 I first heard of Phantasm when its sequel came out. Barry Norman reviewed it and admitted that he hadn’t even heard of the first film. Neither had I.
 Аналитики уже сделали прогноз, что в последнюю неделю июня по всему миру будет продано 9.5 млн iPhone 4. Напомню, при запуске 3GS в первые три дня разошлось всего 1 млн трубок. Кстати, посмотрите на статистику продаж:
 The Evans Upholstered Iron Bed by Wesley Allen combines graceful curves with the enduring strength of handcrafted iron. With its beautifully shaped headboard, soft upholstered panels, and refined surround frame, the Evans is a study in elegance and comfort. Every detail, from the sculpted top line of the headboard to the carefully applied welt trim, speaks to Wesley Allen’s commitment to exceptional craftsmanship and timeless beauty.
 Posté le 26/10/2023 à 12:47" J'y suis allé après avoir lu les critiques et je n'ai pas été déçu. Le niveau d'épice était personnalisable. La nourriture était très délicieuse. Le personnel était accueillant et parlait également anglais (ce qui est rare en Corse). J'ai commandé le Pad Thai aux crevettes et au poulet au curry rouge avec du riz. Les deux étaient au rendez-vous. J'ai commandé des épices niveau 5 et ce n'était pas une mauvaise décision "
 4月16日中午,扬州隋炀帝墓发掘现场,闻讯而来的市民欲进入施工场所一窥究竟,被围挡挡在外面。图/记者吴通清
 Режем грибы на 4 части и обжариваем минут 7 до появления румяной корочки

---

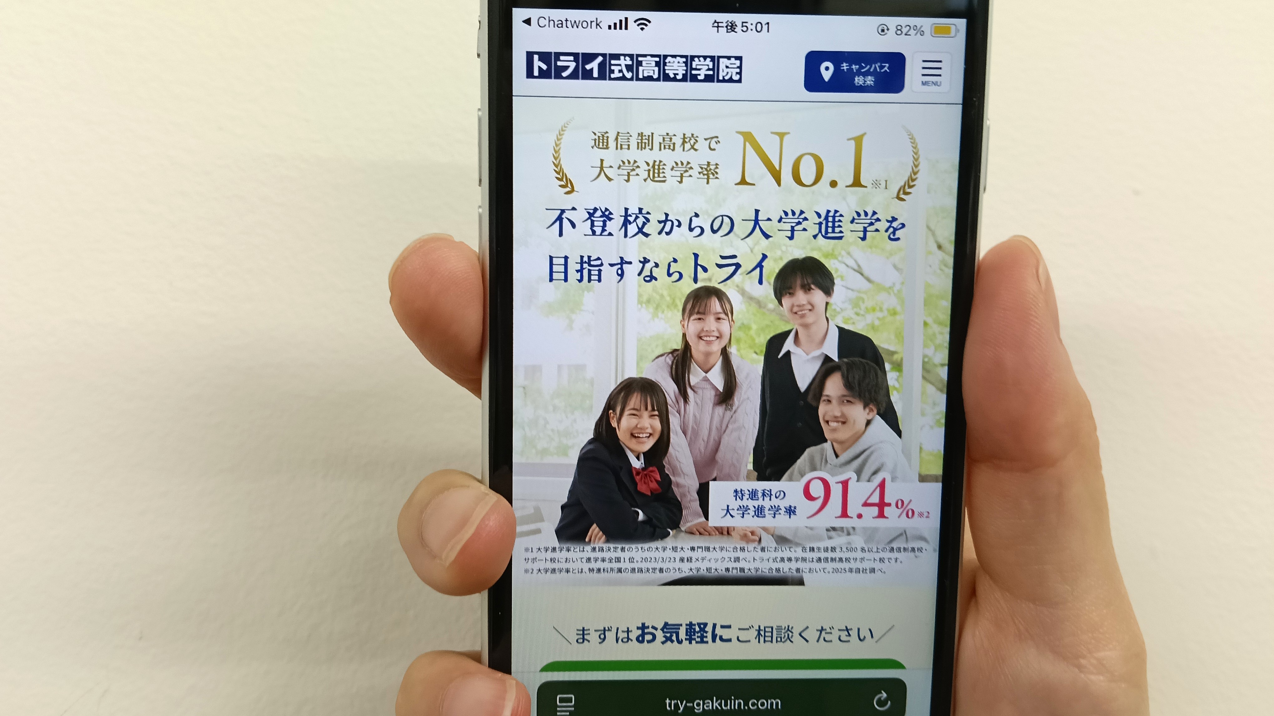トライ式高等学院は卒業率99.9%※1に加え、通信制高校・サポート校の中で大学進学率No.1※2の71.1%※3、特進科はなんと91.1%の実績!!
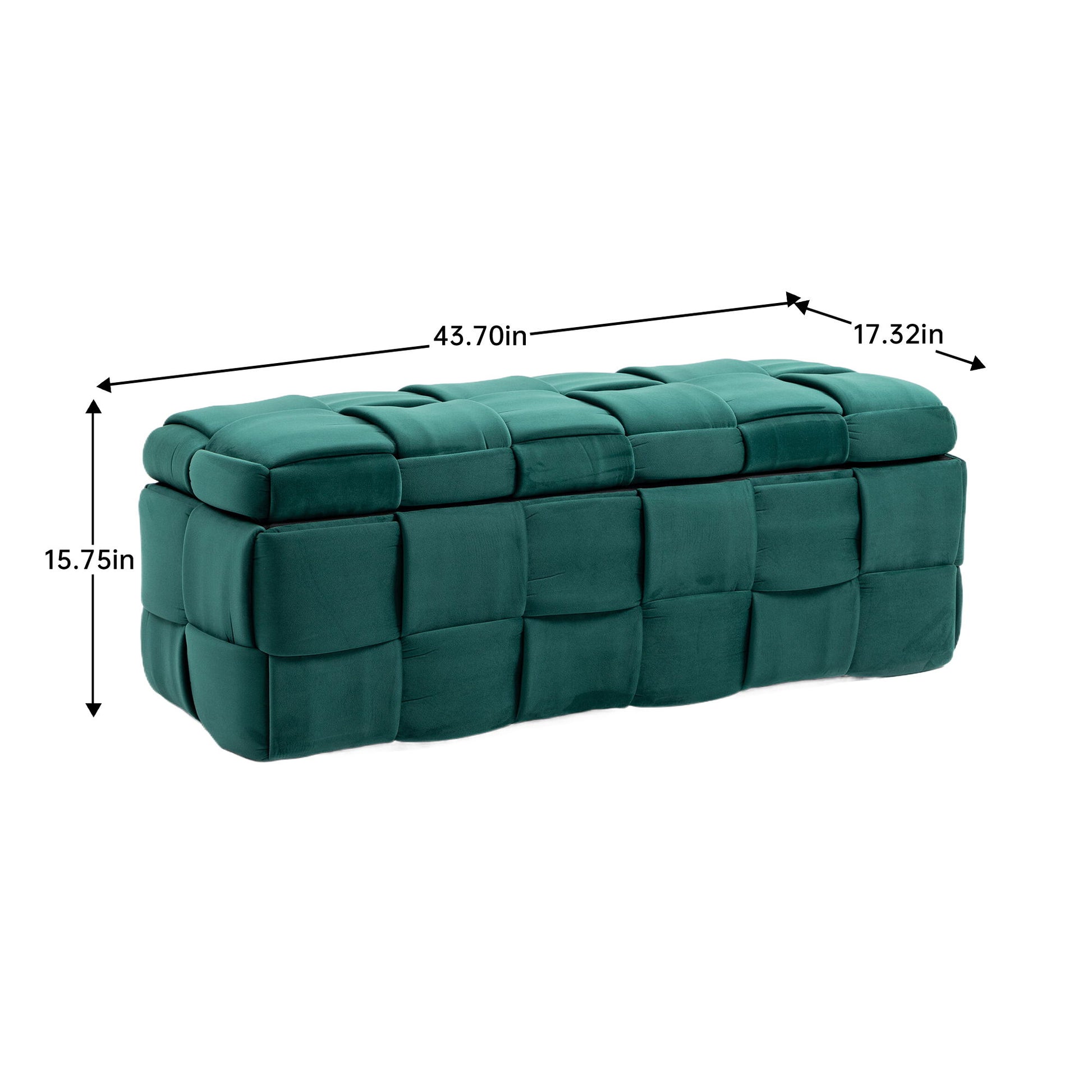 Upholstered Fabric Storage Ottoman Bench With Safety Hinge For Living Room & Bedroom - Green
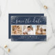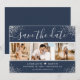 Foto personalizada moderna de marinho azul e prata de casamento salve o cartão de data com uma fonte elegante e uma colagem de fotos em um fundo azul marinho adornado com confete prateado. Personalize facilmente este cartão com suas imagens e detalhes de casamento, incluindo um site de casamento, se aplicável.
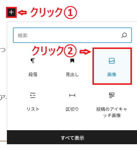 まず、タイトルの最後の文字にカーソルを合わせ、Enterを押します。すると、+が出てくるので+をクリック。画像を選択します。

Aim of the exercise. Reproduce verbatim only the segment of the listing bounded by the line containing "4月16日中午,扬州隋炀帝墓" and the line containing "Режем грибы на", with both boundary lines included.

Task solution.
 4月16日中午,扬州隋炀帝墓发掘现场,闻讯而来的市民欲进入施工场所一窥究竟,被围挡挡在外面。图/记者吴通清
 Режем грибы на 4 части и обжариваем минут 7 до появления румяной корочки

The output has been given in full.